If you are sure that there is no delay (which I would never really
believe) then there is no problem.
If, however there is a short systematic delay, where the rising edge
of f2 is always a few ns later than the rising edge of f1, then any
data transfer from f1-based to f2-based might be unreliable, because
the f2 clock might pick up either the old data or the new data that
had just been changed by f1. That's would be a race condition, or a
hold-time violation. In the opposite direction, there is no problem,
provided you still have enough set-up time available, after you lost
some due to the phase difference.
This all assumes that the phase relationship is known and stable. If
it isn't, then you should treat the phase relationship as unknown and
use asynchronous FIFOs or some handshaking.
If your system is slow, you can deliberately offset the rising edges
by half a period of the faster clock, which would give you well-
defined timing relationship and clock margin (but you gave up half the
potential speed)
Peter Alfke, still there, lurking on weekends...

Hi Weng,

When I was struggling with metastability, Philip Freidin was good
enough to point out where I was going wrong. I think his explanation
was very clear and helpful - it's at http://tinyurl.com/473w92 if you
want to have a look...

Cheers,
Simon (just giving back, and feeling good about it

On Oct 5, 6:48*pm, Peter Alfke <al...@sbcglobal.net> wrote:
> On Oct 4, 9:09*am, Weng Tianxiang <wtx...@gmail.com> wrote:
>
>
>
>
>
> > Hi,
> > I have no such experiences and ask for the question answers:
>
> > is it possible that two clock system blocks with one clock running
> > half of other's of same clock source don't need asynchronous input/
> > output buffers in best circuit and logic design?
>
> > Especially, for example Intel and AMD CPU chip's, their cache I runs
> > half frequency of CPU clock and gets almost 1/2 data rate as documents
> > show.
>
> > What is their designs standout? I know Xilinx chip has divided clock
> > outputs in addition to the main clock output and never have such an
> > experiences to use the technique.
>
> > I need a guidance and direction instructions on the subject. A book or
> > a paper reference is preferred.
>
> > Thank you.
>
> > Weng
>
> Weng, let me explain the basics:
> You want to drive a system with two clocks, one of them has half the
> frequency of the other.
> The important question is now: what is the phase relationship between
> the frequencies? Or, in simpler terms, assuming you use rising edge
> triggering of the flipflops and registers: What is the timing delay
> between rising edges of both clocks.
> If you are sure that there is no delay (which I would never really
> believe) then there is no problem.
> If, however there is a short systematic delay, where the rising edge
> of f2 is always a few ns later than the rising edge of f1, then any
> data transfer from f1-based to f2-based might be unreliable, because
> the f2 clock might pick up either the old data or the new data that
> had just been changed by f1. That's would be a race condition, or a
> hold-time violation. In the opposite direction, there is no problem,
> provided you still have enough set-up time available, after you lost
> some due to the phase difference.
> This all assumes that the phase relationship is known and stable. If
> it isn't, then you should treat the phase relationship as unknown and
> use asynchronous FIFOs or some handshaking.
> If your system is slow, you can deliberately offset the rising edges
> by half a period of the faster clock, which would give you well-
> defined timing relationship and clock margin (but you gave up half the
> potential speed)
> Peter Alfke, still there, lurking on weekends...- Hide quoted text -
>
> - Show quoted text -

Hi Peter,
Glad to receive your advice again.

"This all assumes that the phase relationship is known and stable. If
it isn't, then you should treat the phase relationship as unknown and
use asynchronous FIFOs or some handshaking. "
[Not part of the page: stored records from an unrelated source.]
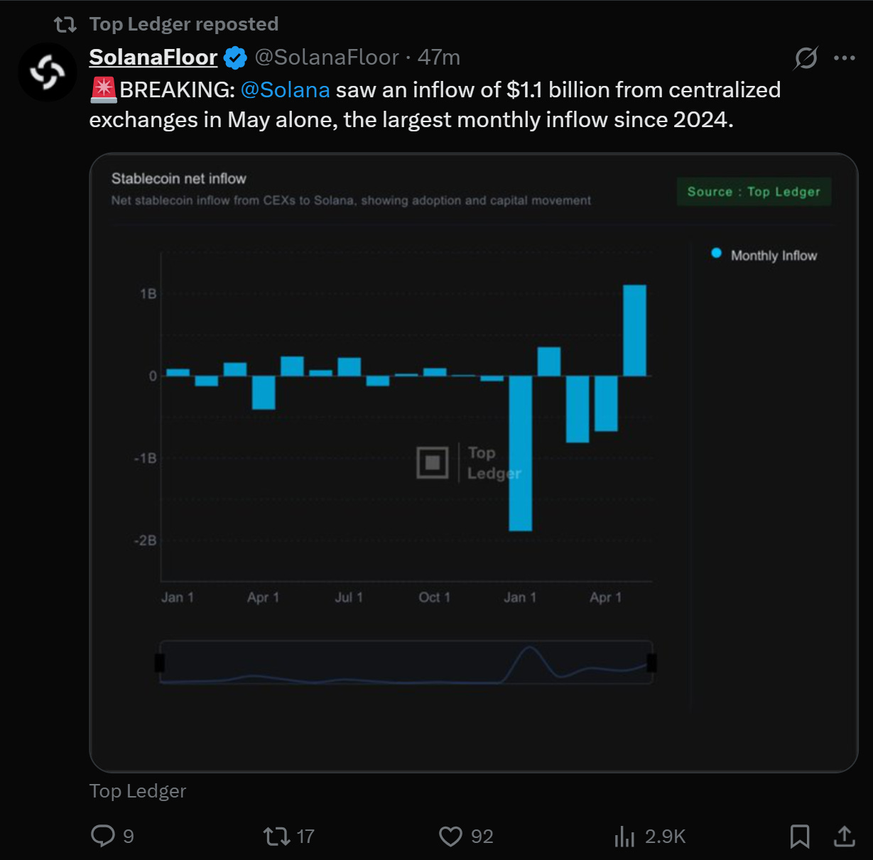 The Solana network drew approximately $1.1 billion from centralized exchanges during the month of May, the highest monthly net inflow figure so far this year and a stark reversal from January, according to data from Top Ledger.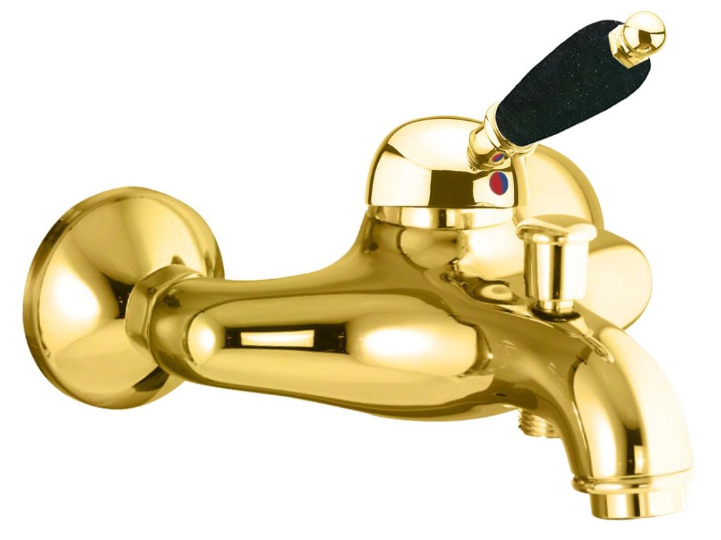 KIRKÉ BLACK nástěnná vanová baterie, černá páčka, zlato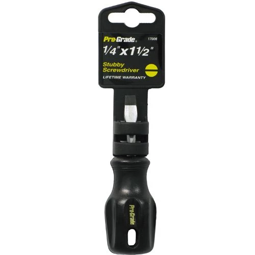 Pro-Grade Stubby Screwdriver 1/4 In. x 1-1/2 In. features a narrow, precision-machined flat tip that resists "cam-out" and an ergonomic, oversized handle. The driver blade is made from chrome vanadium alloy with a satin-chrome finish.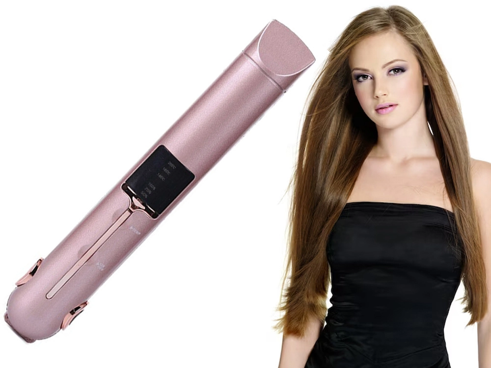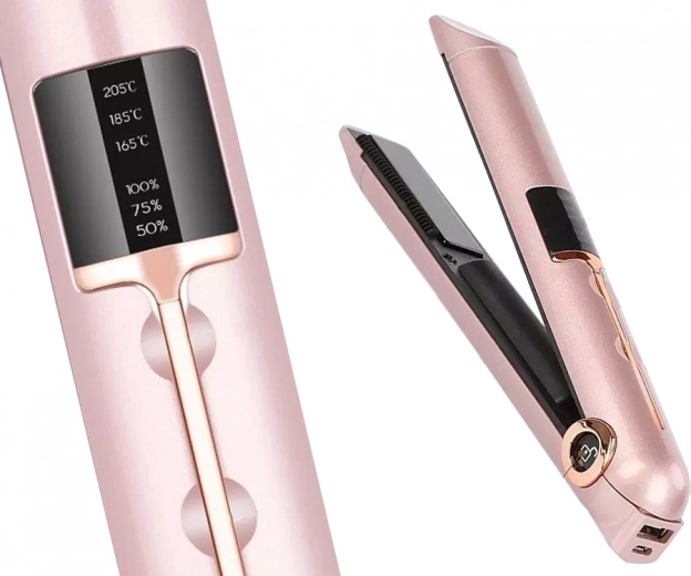 Kompaktní bezdrátová žehlička na vlasy s keramickými destičkami a LCD displejem pro rychlé a šetrné úpravy kdekoliv. Nabízí 3 úrovně teploty 165/185/205 °C, rychlý ohřev, univerzální styling 2v1 (rovnání i vlny) a praktickou funkci powerbanky pro dobití telefonu. Ideální na cesty díky USB‑C nabíjení a kompaktním rozměrům.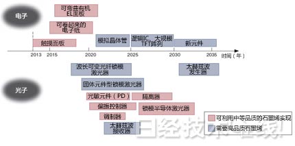 EU的開發(fā)項(xiàng)目“Graphene Flagship”給出了采用石墨烯的碳元件的具體時(shí)間表(圖1)。光激勵(lì)發(fā)光元件大多在2020年前后,邏輯IC在2025年前后開始實(shí)用化。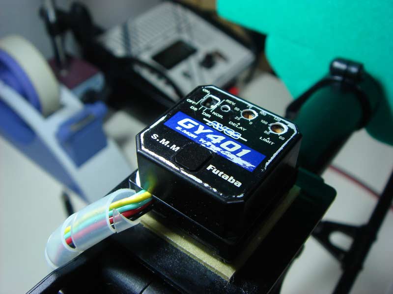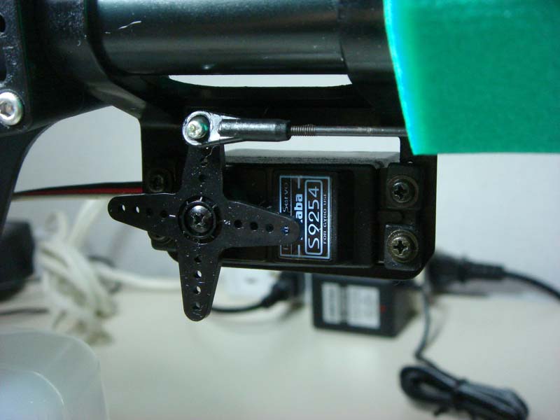 これはラダーサーボ。S9254です。GY401のセット品でした。サーボホーンはとってつけたようなものですが特に問題なく動作しているのでこのままで飛ばしています。コントロールロッドは標準のピアノ線のままです。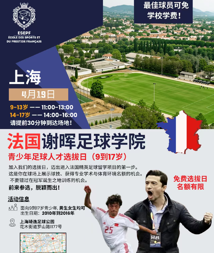 是的,经过此前的筹备,谢晖成立了法国谢晖足球学院,根据介绍,该学院在法国的卢瓦尔河地区、波尔多地区、普罗旺斯地区都有自己分院,谢晖将按照法国顶级青训中心模式打造,专注高水平培养、纪律素养和竞技表现,该学院的学生不仅可以得到相应的文凭,还可以得到推荐进入法国足球梯队的机会,值得一提的是,此次选择的最佳球员将全程免学费留洋。
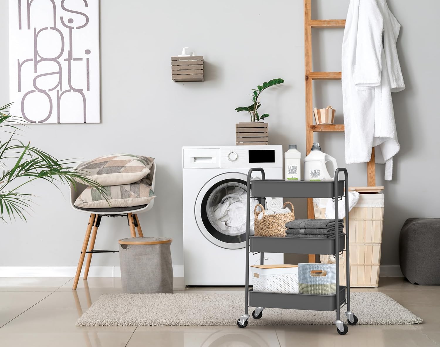 - Built to Last - Durable powder-coated steel frames and mesh baskets.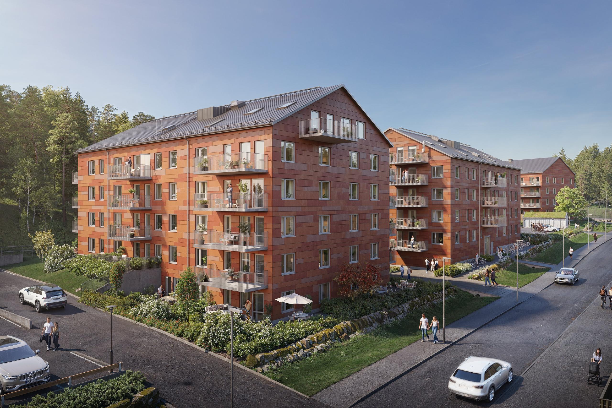 Husen är placerade runt en grönskande höjd där naturen får ta plats i fina utblickar från lägenheterna. Här finns allt ifrån en liten etta till rymliga fyror med extra WC. Det finns möjlighet till parkering med laddmöjlighet samt cykelplatser. Husens kulörer går i jordartsfärger som ska smälta in i naturens färger på platsen där vi även bevarar stengärdsgårdar som smälter in i miljön och även fungerar som bostad för olika arter. Husen miljömärks med Svanen och de mindre komplementbyggnaderna får gröna tak.

I fully agree with the above point.

Weng

On Oct 5, 8:54*pm, Simon <goo...@gornall.net> wrote:
> Hi Weng,
>
> When I was struggling with metastability, Philip Freidin was good
> enough to point out where I was going wrong. I think his explanation
> was very clear and helpful - it's athttp://tinyurl.com/473w92if you
> want to have a look...
>
> Cheers,
> * * *Simon (just giving back, and feeling good about it

Hi Simon,
I read the recommended comments and it is the standard asynchronous
input/output handshaking.

One does it and it must sacrify 4 clocks, 2 for output control
signals, and 2 for input back control signals. Peter has a very nice
paper describing the situations.

But I don't think Intel 2GHz chip use the handshaking method, since
every signals delay is at least 4 clocks, while their document is 2
clock for cache I part. So that I think Intel is using enable signal
to control cache I part to get the full core and cache I as a
synchronous system, not sacrifying any data delays.

I have experiences designing a sucessful system with 3 clock rate in a
Xilinx chip using global clock as only clock source and use asistant
enable signals to control slow parts of design.

For a high perfomance processor chip, 4 clock delays are unacceptable.
Do you agree? Peter too?

Thank you.

Weng

Just speculating, but I'd bet large processors use derived clocks,
with known phase relationships, to avoid the typical asynchronous
clock boundary crossing logic wherever possible. Running large cache
structures at twice the clock frequency needed is too power hungry.
They might have been able to get away with it in the past, when caches
were smaller and power consumption was less important, but not any
longer.

Andy

On Oct 8, 10:04*am, Andy <jonesa...@comcast.net> wrote:
> Just speculating, but I'd bet large processors use derived clocks,
> with known phase relationships, to avoid the typical asynchronous
> clock boundary crossing logic wherever possible. Running large cache
> structures at twice the clock frequency needed is too power hungry.
> They might have been able to get away with it in the past, when caches
> were smaller and power consumption was less important, but not any
> longer.
>
> Andy

Hi Andy,
Glad to hear you again. We are always on opposite sides of any coin.

Peter misses the point and your response hits the point:
"I'd bet large processors use derived clocks,
with known phase relationships, to avoid the typical asynchronous
clock boundary crossing logic wherever possible. "

I disagree with you. How can they manage the huge range of
temperatures that causes clock circiut shifting.

Peter, what is your opinion? From Xilinx FPGA designer's point of
view, there are large uncertain range for derived clocks. I remember
it may be 300 ps at least for a range of temperature.

Thank you.

Weng

On Wed, 8 Oct 2008 18:38:04 -0700 (PDT), Weng Tianxiang
<[email protected]> wrote:

>On Oct 8, 10:04*am, Andy <jonesa...@comcast.net> wrote:

>Peter misses the point and your response hits the point:
>"I'd bet large processors use derived clocks,
>with known phase relationships, to avoid the typical asynchronous
>clock boundary crossing logic wherever possible. "
>
>I disagree with you. How can they manage the huge range of
>temperatures that causes clock circiut shifting.

There is probably a lot less logic involved in continuously
auto-calibrating a clock DLL to eliminate temperature/voltage drift,
than there is in boundary crossing logic for a 256-bit or wider internal
bus.

- Brian